ビジネススクールでは学べない世界最先端の経営学 ㊸
日本の「事業のたたみやすさ」はどうか
では日本の「事業のたたみやすさ」はどうでしょうか。
最近は少し風向きも変わってきましたが、少し前までの日本は「起業の盛り上がりに欠ける」と
言われていました。実際、バーニー=山川氏らの論文に掲載されている経済協力開発機構(OECD)に
よると、日本の1990年から2008年までの開業率は0.04で、他の主要国(米国=0.10 、ドイツ=0.17、
シンガポール=0.18)よりもはるかに低い値となっています。
他方で、この論文では世界銀行などのデータを使って各国の「事業のたたみやすさ」も幾つかの
側面から定量化しています。そしてこの結果を見ると、日本の倒産法や手続きは、必ずしも全ての
側面で不利ではないようです。
例えば、倒産手続きにかかる時間は0.6年で、米国や韓国(どちらも1.5年)よりも短くなっています。
倒産の手続きコストも相対的に低くなっています。
さらにいえば、このテーマに関する研究はまだ端緒についたばかりですので、まだ結論を急ぐ階段には
ありません。例えば、南カリフォルニア大学のヨンウック・ペクが、「ジャーナル・オブ・エコノ
ミクス・マネジメント・アンド・ストラテジー」誌に2014年に発表した論文では、米国66万人の
データを使った統計分析の結果、2005年に米国の倒産法が改訂された後も、それが起業の活性化
には影響しなかったと結論づけています。
いずれにせよ、バーニーたちの問題提起もあり、このテーマが研究者の間で注目を浴びていることは
間違いありません。さらなる研究が望まれる分野といえるでしょう。
さて、ここまでの話を踏まえて、私のほうから問題提起をさせてください。
私は日本の起業社会を考える時に、これまで経営学で分析されてきた「事業のたたみやすさ」の
議論では不十分かもしれない、と考えています。
実際、先の論文によると、日本の倒産法や行政手続きは必ずしも多くの項目で他国に比べて不利とは
いえないにもかかわらず、開業率は低いのです。では追加で何を考えるべきかというと、もう一つの
たたみやすさ、すなわち「キャリアのたたみやすさ」なのではないでしょうか。
キャリアのたたみやすさ
みなさんもご存知のように、米国ではスタンフォード大学やハーバード大学などの有名大学でMBA
(経営学修士)などの学位を取ったいわゆるエリート層が盛んに起業するのでしょうか。
もちろん「彼らは優秀だから高度なビジネスアイデアを思いつく」など、そういうこともあるのかも
しれません。
しかし、それに加えて、彼らは「仮に事業が失敗しても次の転職に困らないから、リスクが取れる」
という側面も大きいのではないでしょうか。
起業に失敗した時には、もう一度新しいビジネスを起こすのも選択肢ですが、他方で既存企業に転職
する、という選択肢もあるはずです。
すなわち「起業家としてのキャリアを一旦たたむ」わけです。
米国が転職の盛んな社会であることには、みなさんも異論はないと思います。
さらに言えば、米国では起業経験そのものを既存企業の人事が高く評価してくれることもあります。

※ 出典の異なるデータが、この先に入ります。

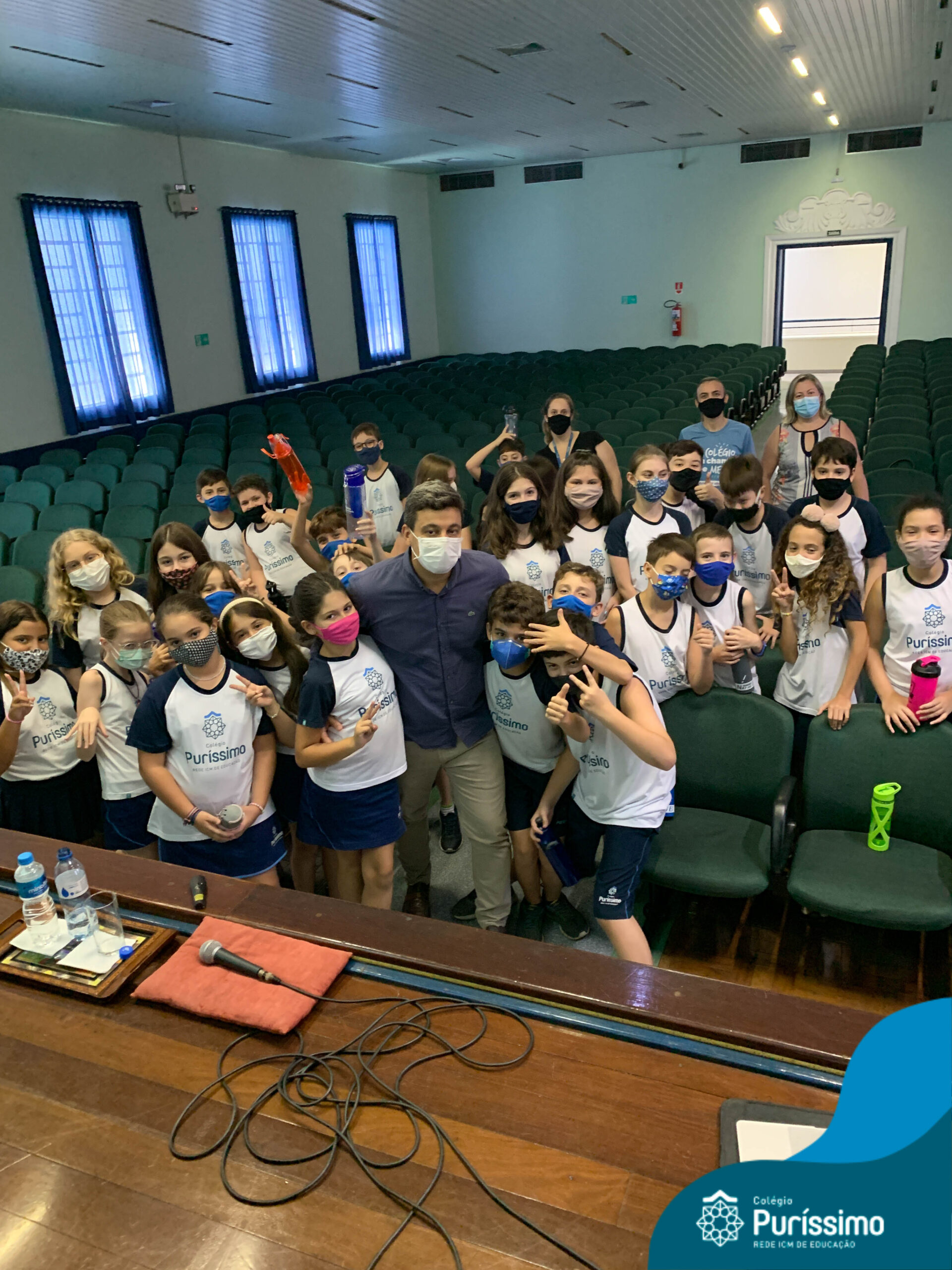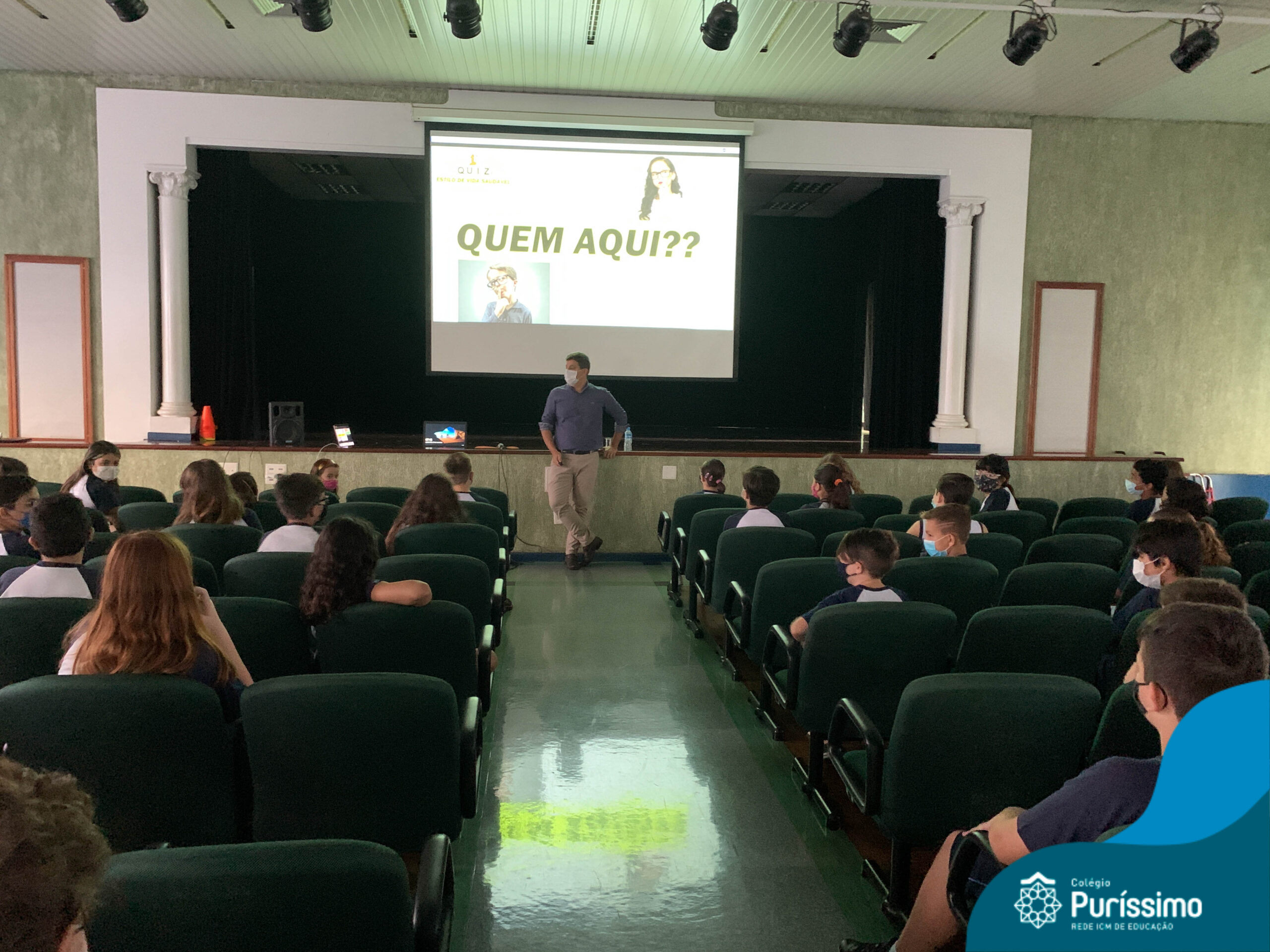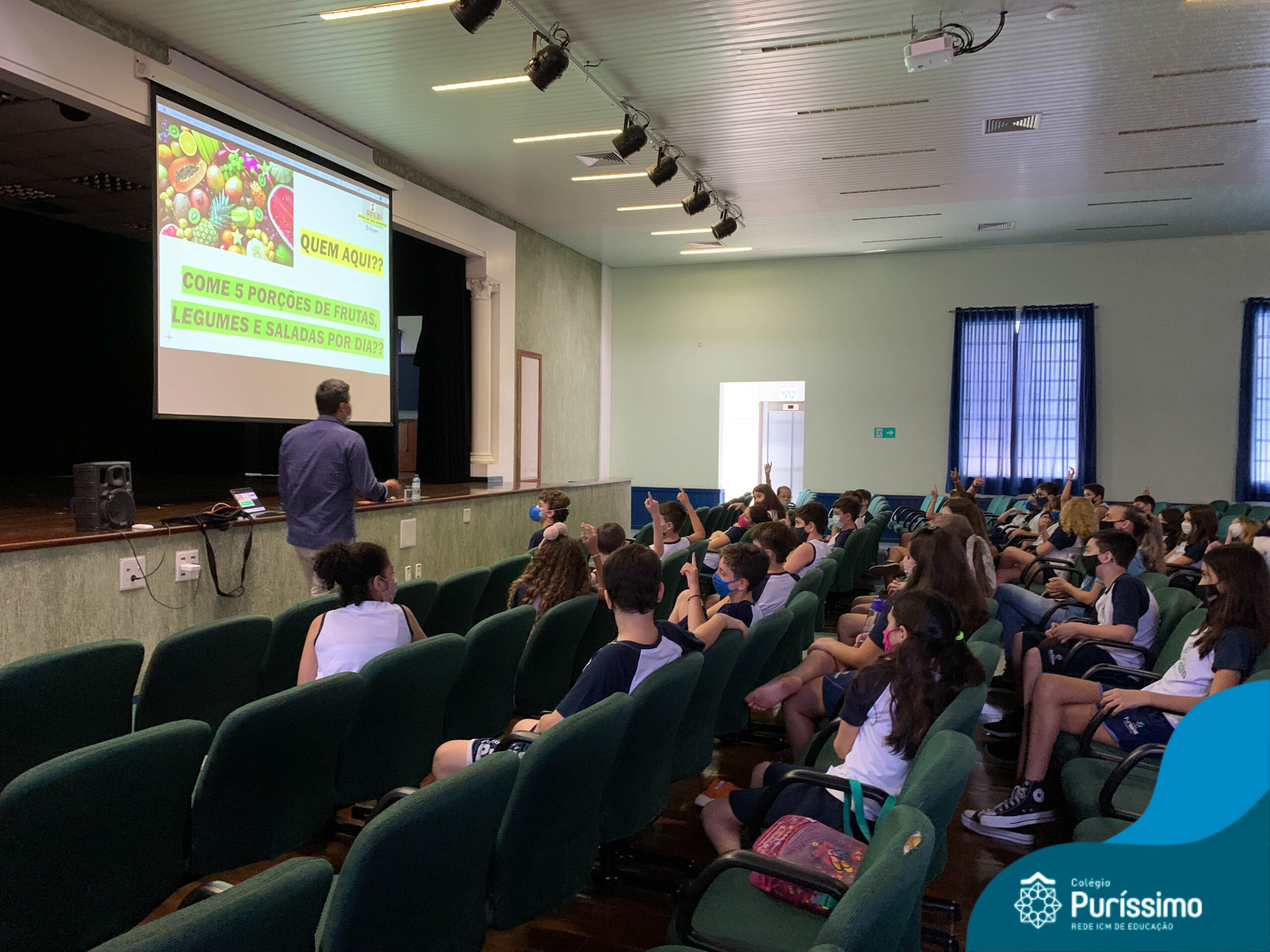 Hoje, 24 de novembro, os estudantes dos 5ºs anos do Ensino Fundamental – Anos Iniciais tiveram uma aula muito especial com o mastologista Dr. Daniel Buttros sobre Medicina do estilo de vida.
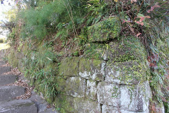 路肩に車を停め狭い道を歩いていくこと90m。古めかしい石垣のある場所にありました。
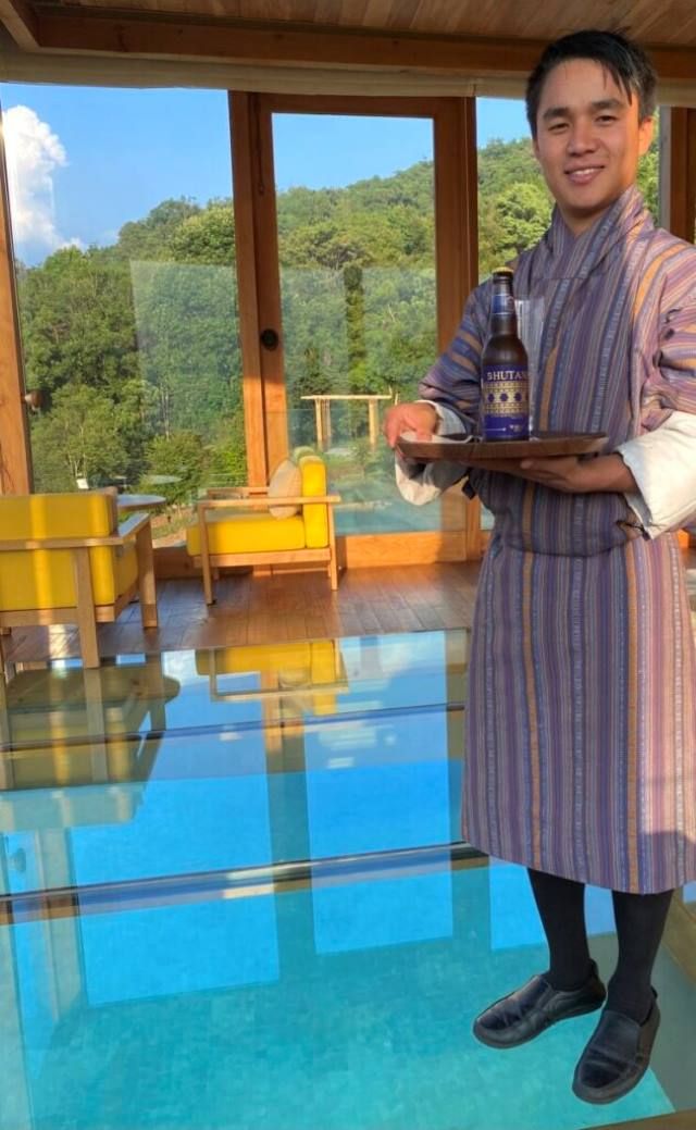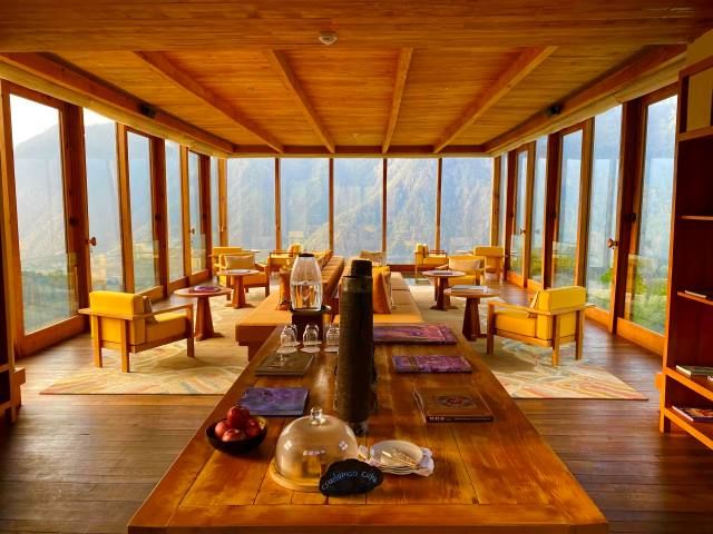 ヒマラヤの山々を一望できるガラス張りのラウンジはインフィニティプールが突き出ているような設計。ガラス張りの床の下は水が張られているため、まるで水の上に浮いているかのような浮遊感を味わえます。

このような社会では、仮に自分が起業した会社を潰してしまっても、既存の企業に転職するという
選択肢が豊富にあります。
とくに名門校でMBAを取った人たちには、その経歴に加えて卒業生ネットワークなどもありますので、
転職オプションが充実しています。
すなわち、米国では法制度的に「事業がたたみやすい」だけでなく、起業家が「キャリアをたたみ
やすい」社会であるといえます。
リアル・オプション的にいえば、キャリアという側面からも、不確実性に対してオプション価値が
高いのです。
「起業に失敗しても食いぶちに困ることはない」という背景があるからこそ、彼らは大胆にリスクを
取って起業できるのではないでしょうか。
日本人の「キャリアのたたみやすさ」はどうか
翻って、日本はどうでしょうか。例えば私は日本で会社勤めをしていた十数年前、大企業にいた同世代の
友人や少し年上の方々が思い切って会社を辞めて起業するのを何度か見てきました。
その中にはそのまま成功されている方もいますが、他方で残念ながらうまくいかなかった方もいます。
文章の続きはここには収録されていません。